Table 1 Various performance measures

7 Conclusion

This research provides a model for emotion detection that combines ASR and text categorisation. For voice to text conversion, the open-source application PocketSphinx-based ASR and Word2vec-based text analyser were utilised. ISEAR (International Survey on Emotion Antecedents and Reactions) is the dataset used for emotion text analysis since it offers a global collection of emotion data. K-means and TfIdfVectoriser algorithms were employed. Our algorithm takes user text as input and predicts user emotion based on the content. According to the experimental data, the suggested system has an accuracy of (approx.) 80%. The supervised learning technique necessitates manually labelled data, which may be time-consuming and not always practical. Second, for underutilised NLP languages, such as Polish vocabulary, because there are no pretrained models to work with, repositories that have previously trained on a large prediction model are inaccessible.
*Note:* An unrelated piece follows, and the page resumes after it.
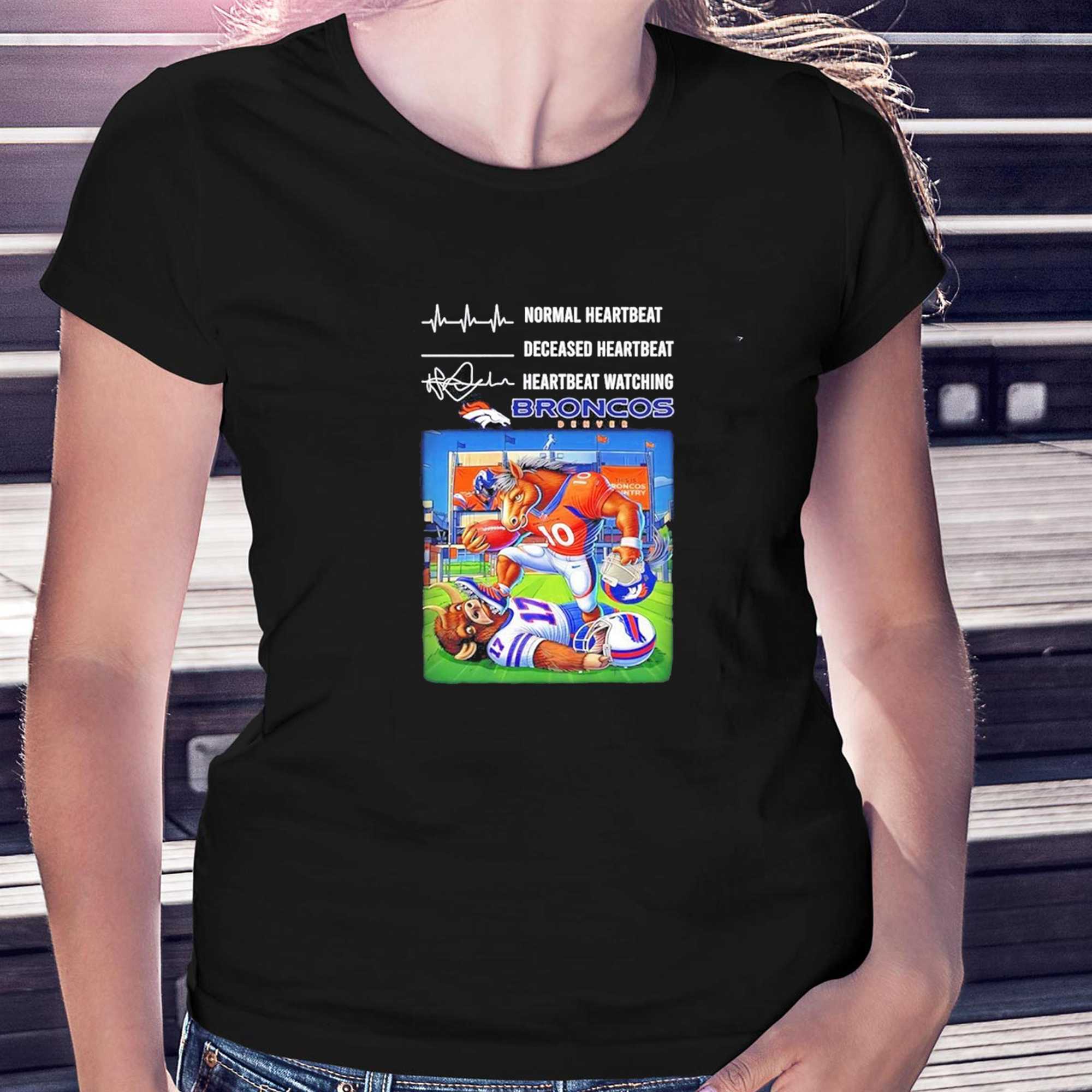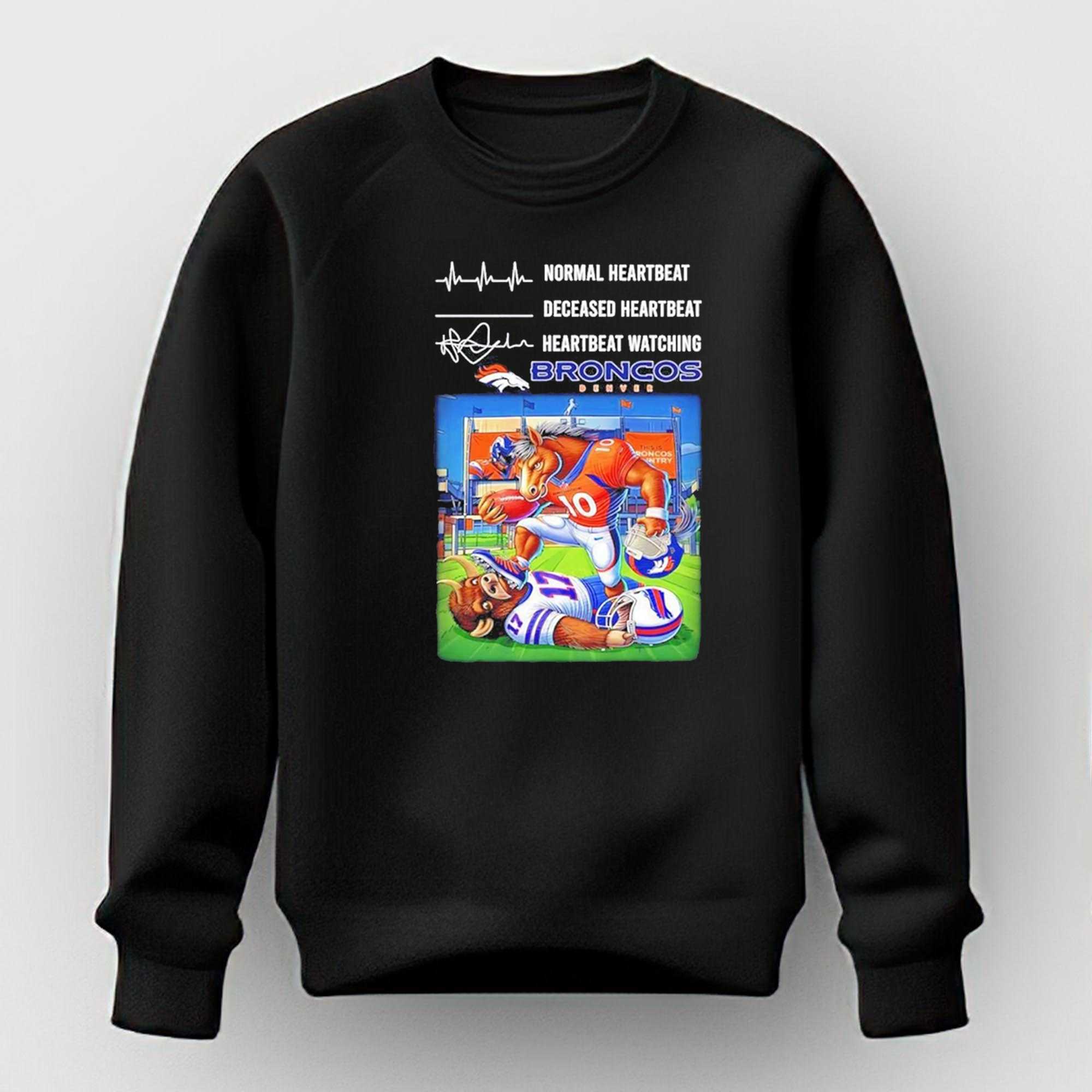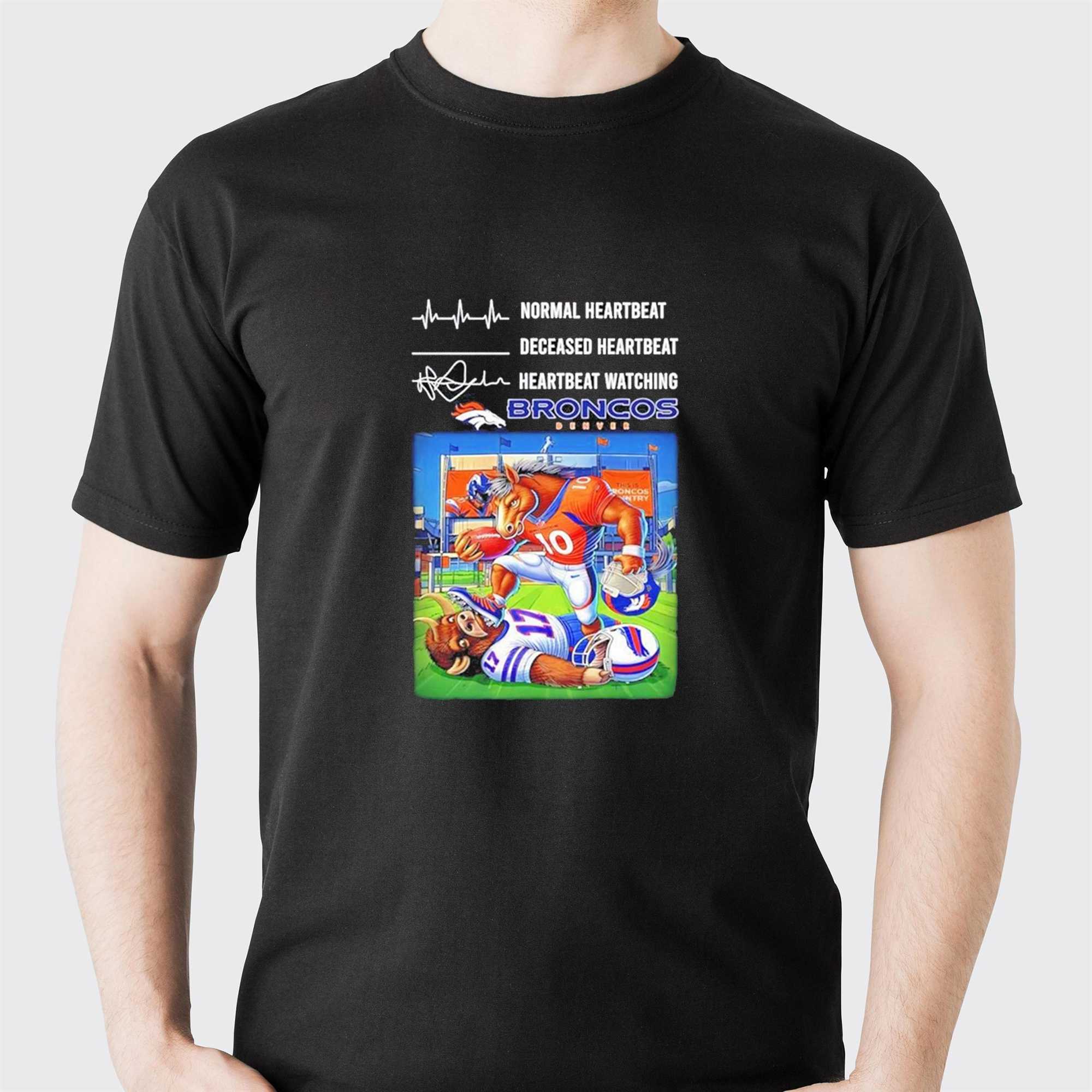 Normal Heartbeat Deceased Heartbeat Heartbeat Watching Denver Broncos 2026 Afc Divisional Playoffs Mascot Tee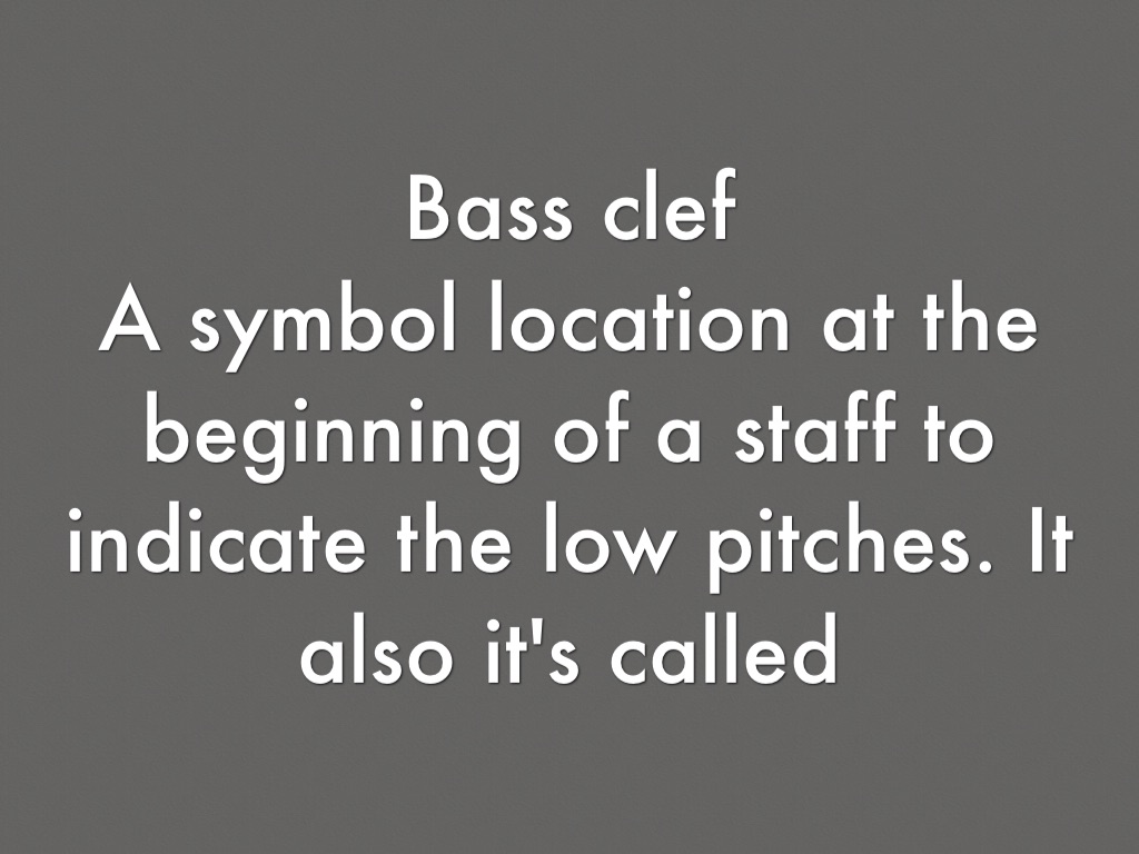 A symbol location at the beginning of a staff to indicate the low pitches. It also it's called

These concerns are addressed by our suggested hybrid algorithm.

8 Future Work

In the future, this algorithm might be integrated into a recommendation tool that uses emotion. Improvements include a third neutral cluster or assigning certain words that end up midway between the positive and negative clusters with a score of 0. Additionally, hyperparameter adjustment of the Word2vec method, depending on, for example, F1 score attained on dataset (albeit this would involve separating the dataset into train and test datasets, since the training would become supervised), may be done to enhance the model’s accuracy above 80%.